Work order>
At the line with "Royal Radiance: Handpainted", start transcribing; stop after the last line of the data below. Keep it exact and leave pictures out.

[Start of Attachment]

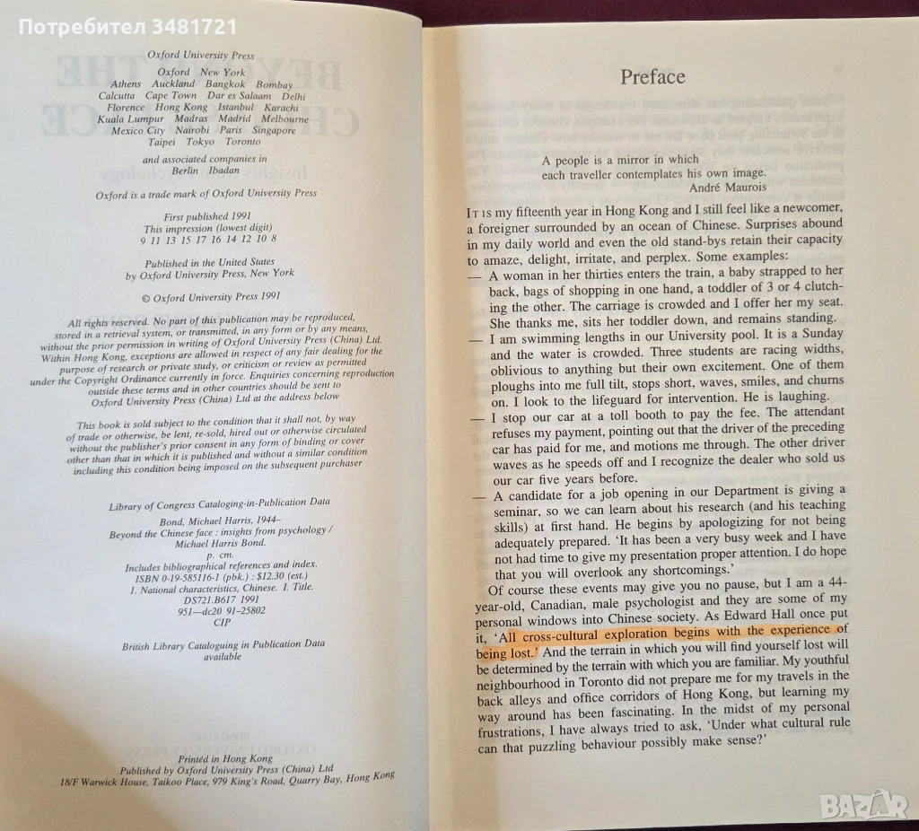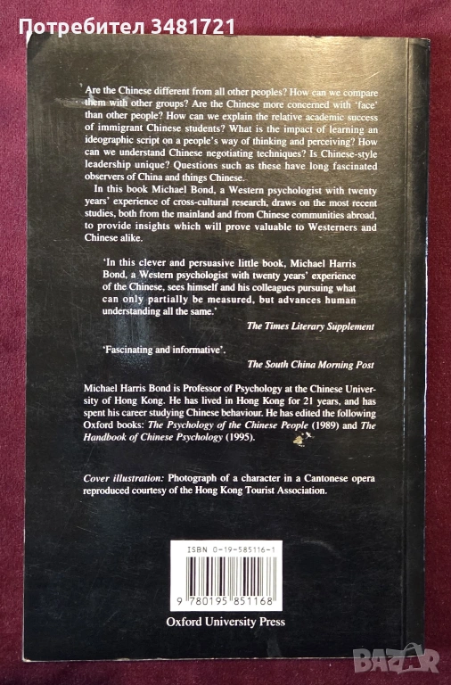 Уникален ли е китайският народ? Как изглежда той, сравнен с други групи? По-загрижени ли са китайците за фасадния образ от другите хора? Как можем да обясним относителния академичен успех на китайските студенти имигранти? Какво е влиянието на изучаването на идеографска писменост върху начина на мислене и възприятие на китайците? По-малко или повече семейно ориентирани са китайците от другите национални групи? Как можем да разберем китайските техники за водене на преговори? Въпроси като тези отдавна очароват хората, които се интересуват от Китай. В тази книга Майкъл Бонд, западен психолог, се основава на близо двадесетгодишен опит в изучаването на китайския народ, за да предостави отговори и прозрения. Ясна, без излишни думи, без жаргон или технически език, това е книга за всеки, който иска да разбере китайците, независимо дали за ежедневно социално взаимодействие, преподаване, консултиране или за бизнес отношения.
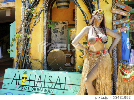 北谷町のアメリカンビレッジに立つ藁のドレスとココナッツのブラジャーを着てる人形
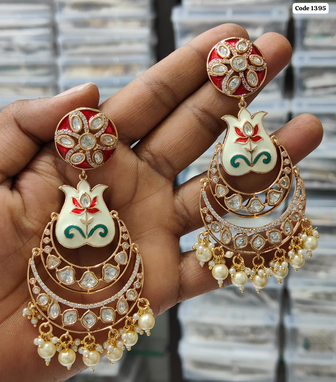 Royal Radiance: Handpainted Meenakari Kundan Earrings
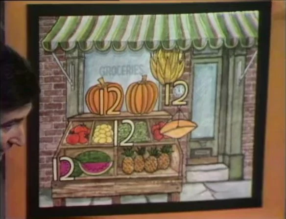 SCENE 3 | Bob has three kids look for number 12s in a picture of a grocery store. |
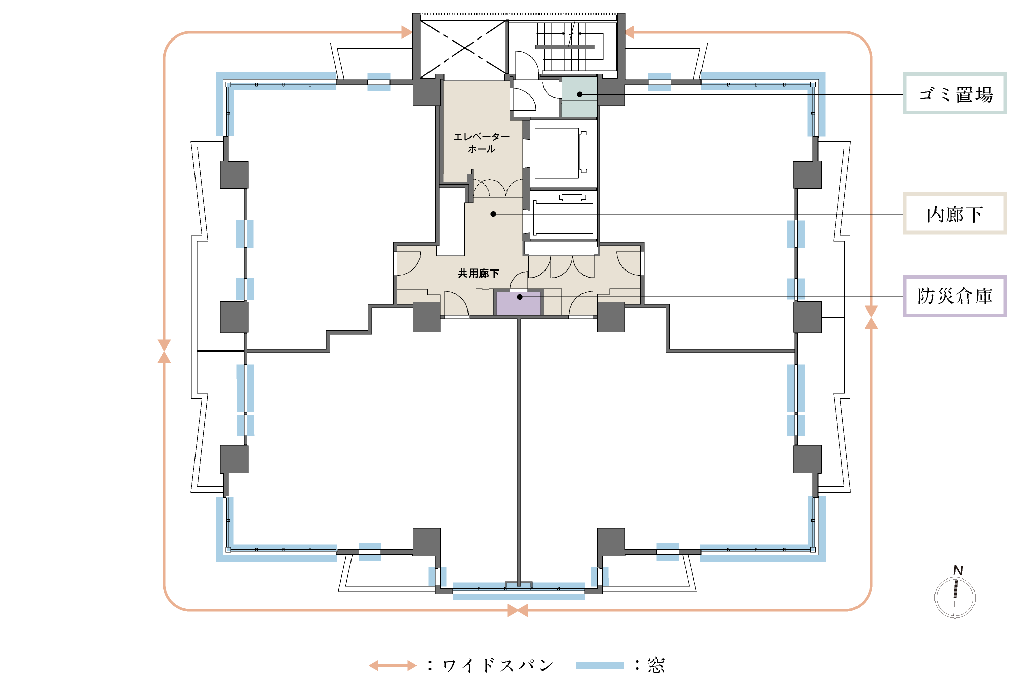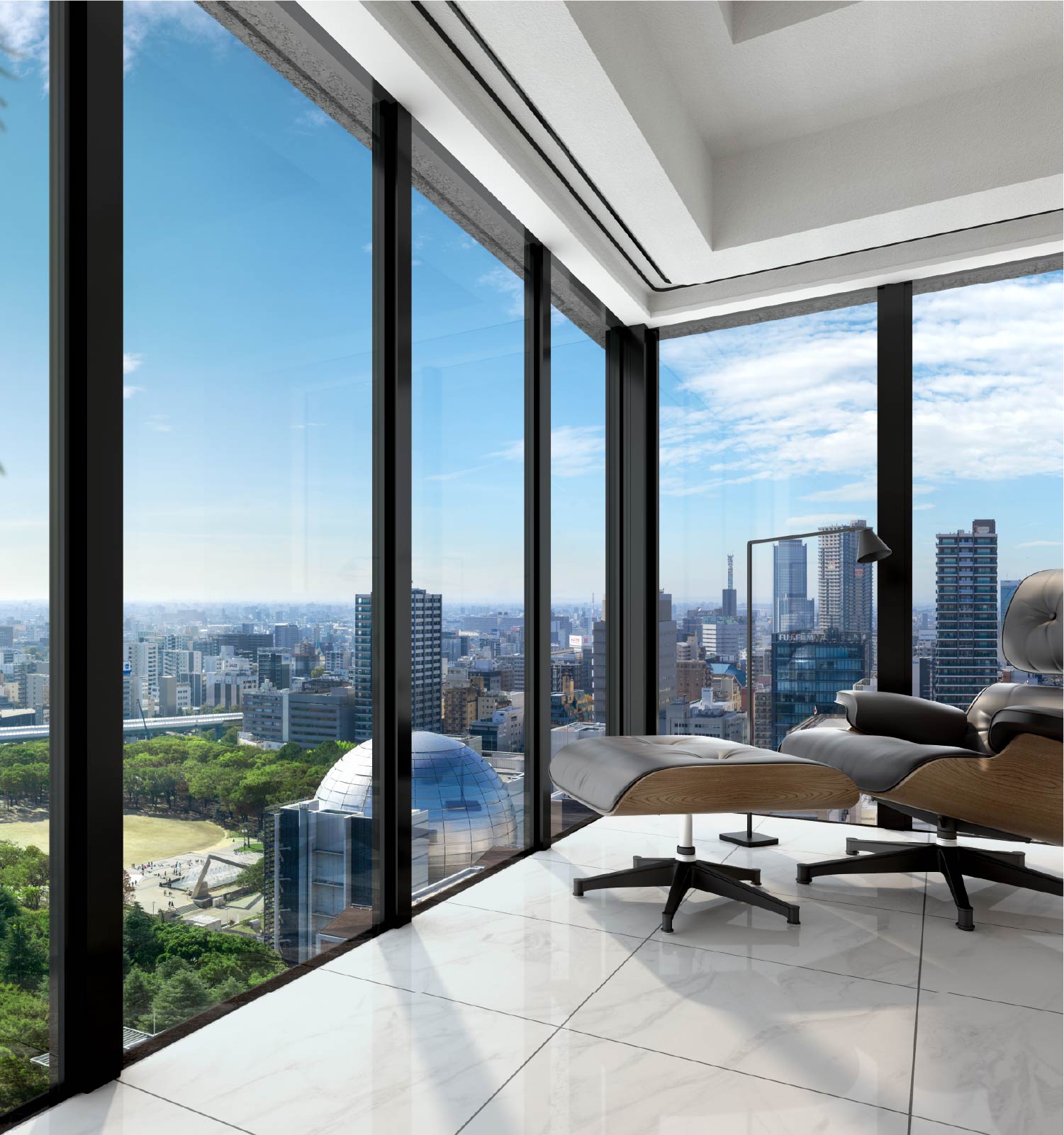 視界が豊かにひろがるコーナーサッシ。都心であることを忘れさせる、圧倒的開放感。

[End of Attachment]

Expected answer>
 Royal Radiance: Handpainted Meenakari Kundan Earrings
 SCENE 3 | Bob has three kids look for number 12s in a picture of a grocery store. |
 視界が豊かにひろがるコーナーサッシ。都心であることを忘れさせる、圧倒的開放感。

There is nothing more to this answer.